No.115 春キャベツと蛤のワイン蒸し
柔らかくて甘い春キャベツ。今が盛りで、今日はどうして食べようか、と毎日メニューを考える。
この時期のキャベツは、柔らかい葉がたたまれて折り重なって球状に結実している。その様は八百屋の店先で半分にカットされてラップに包まれて売られている断面を見るとよく解る。空間も多いから実際の量は少ないのだろう、すぐ食べ切ってしまう。生でサラダにしても、スープや煮物にしても炒めても、美味しいから箸が進む。芯の部分は外して包丁で刻むけれど、葉は手で食べやすい大きさにちぎって使う。

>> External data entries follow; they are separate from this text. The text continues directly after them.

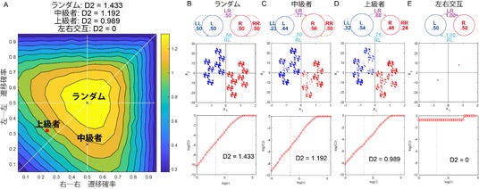 図3 Aはショット角度が右-右と移り変わる確率(横軸)と、左-左と移り変わる確率(縦軸)を変更しながら計算した相関次元。完全にランダムでは、図の中央(0.5-0.5)に来る。B-Eは4つの遷移確率(上段)におけるポアンカレ断面(図2D)のフラクタル図形(中段)と相関次元(下段)
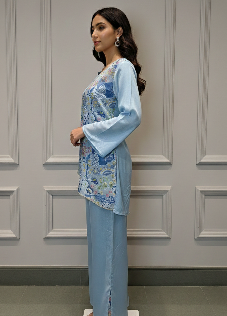 Sky Blue Draped Floral Fusion Co-ord Set
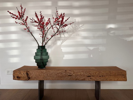 Questa panca unica è ricavata da un tronco di catalpa, che le conferisce un fascino rustico e naturale. Con una larghezza di 135 cm, una profondità di 35-40 cm e un'altezza di 43 cm, è dotata di una robusta base in acciaio che ne garantisce la stabilità. Le venature e la consistenza naturali del legno sono splendidamente conservate, rendendola un pezzo unico per qualsiasi casa.
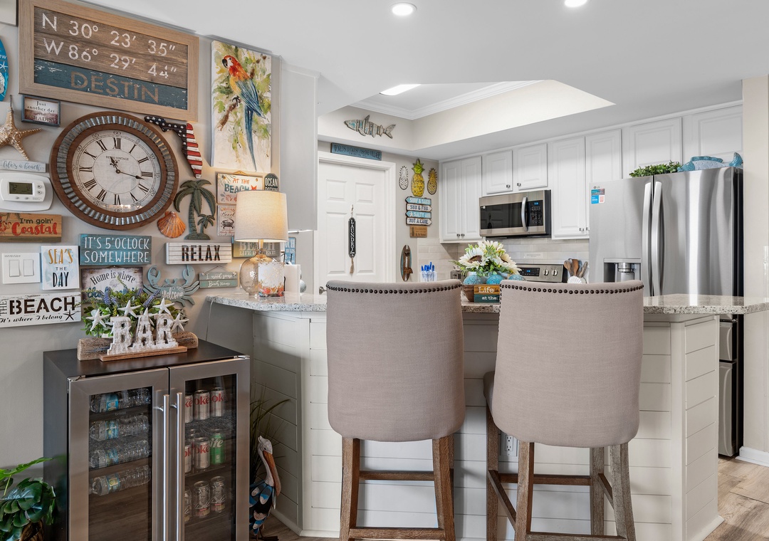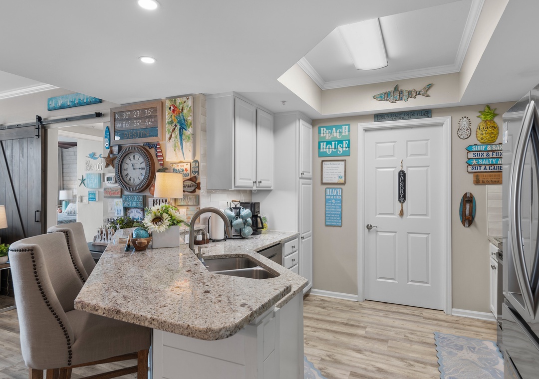 This condo is adorable! Full of natural light with a beautiful view. Nice beach decor. The fridge made me jealous as did the master bath with jetted tub. Excellent outdoor patio. Overall it was perfect for our family of four. The beds were decently comfortable but nothing amazing. Both king size. Pull out couch. Short enough of a walk to the PRIVATE beach (for residents and guests of the property) which was definitely ideal for social distancing. The kitchen was fairly stocked, there was not anything that I wanted that wasn’t there with the EXCEPTION OF salt and pepper and sharp knives. There were knives but they were quite dull. Plenty of nice dishes. The luggage trolley is key for groceries and luggage but we had to ask for them as they are in the garage and not the lobby. Ideally this info would be in the welcome email. Only other complaint is there was NO hand sanitizer stations by elevators, etc. I carry my own so it was ok, but it would be nice if they had some appropriately located. All in all we had a great time and I would stay here again without a doubt. In fact, I didn’t want to leave.- Reviewed On: 7/13/2020
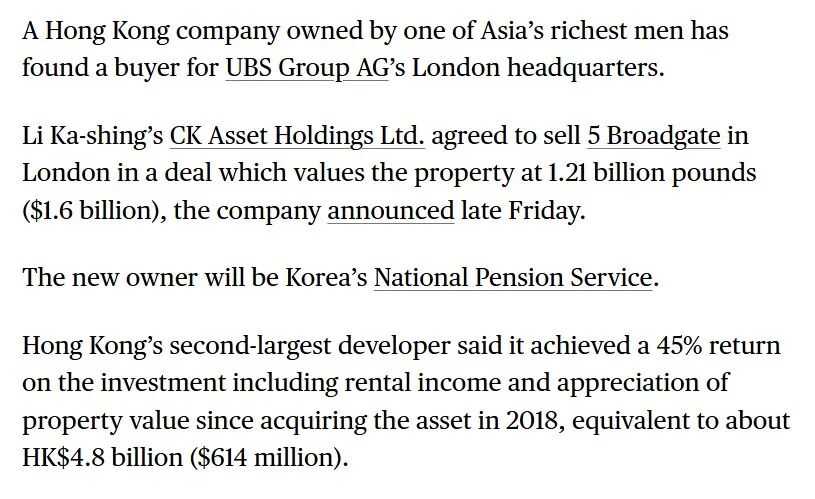 - 网传"瑞银集团总部李嘉诚中心"纯属虚构,长江实业集团2018年收购的瑞银伦敦总部大楼已于2022年出售给韩国国民年金服务局,投资回报率达45%。
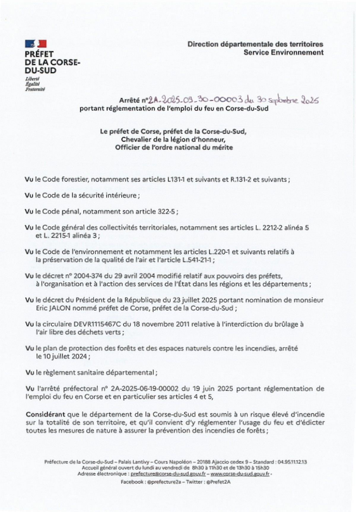 Vous êtes ici : Accueil > ARRÊTÉ N°2A-2025-09-30-00003 DU 30 SEPTEMBRE 2025.
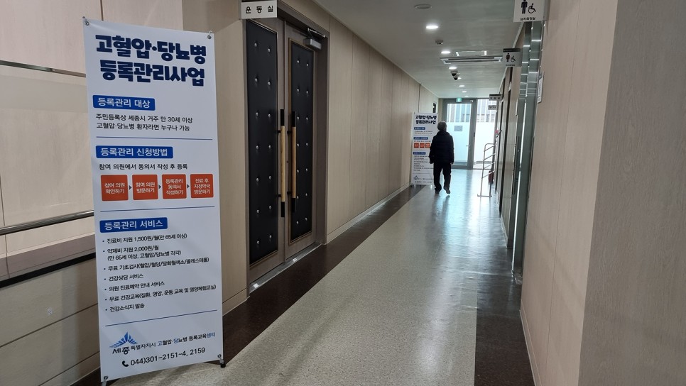 주차장에서 바로 연결되는 본관 2층에는 세종특별자치시 고혈압 당뇨병 등록교육센터가 있습니다.고혈압당뇨병등록교육센터는 만 30세 이상 고혈압, 당뇨병 환자와 가족, 시민을 대상으로 기본검사 및 교육상담, 영양체험 등을 실시하고 있으며, 특히 만 65세 이상 시민에게는 진료비와 약제비 지원사업을 실시하고 있습니다.

蛤と春キャベツは、にんにく一欠片と少しの白ワインで蒸し、仕上げにバターを加えた。蛤の良い味がキャベツにも沁みて、バターの風味とコクが加わった蒸し汁はバゲットを浸して楽しむ。パスタにしても美味しい。冷えた白ワインが有れば更に嬉しい。
唐津焼のように見えるこの平鉢は水月窯のもの。勢い良く跳ねた海老が鉄釉で描かれている。水月窯は昭和21年、岐阜県多治見市に荒川 豊蔵が作った窯で、豊蔵が2人の息子と共に運営していた。作品には『水月窯』とだけ入れ、作者名は入れないのが特徴らしい。この平鉢にも、名は水月窯とだけある。この平鉢は年代が定かではないが、その3人の誰かの手で作られた物と思われる。水月窯の公式HPによると、豊蔵は研究を重ねて桃山時代の作陶の製法を確立し『心安らぎ、心和む家庭用の器を』という主旨で主に和食器を作り続けたという。現在は、その親子3人と共に長年作陶に携わっていた水野 繁樹氏が窯を引き継いでいるそうだ。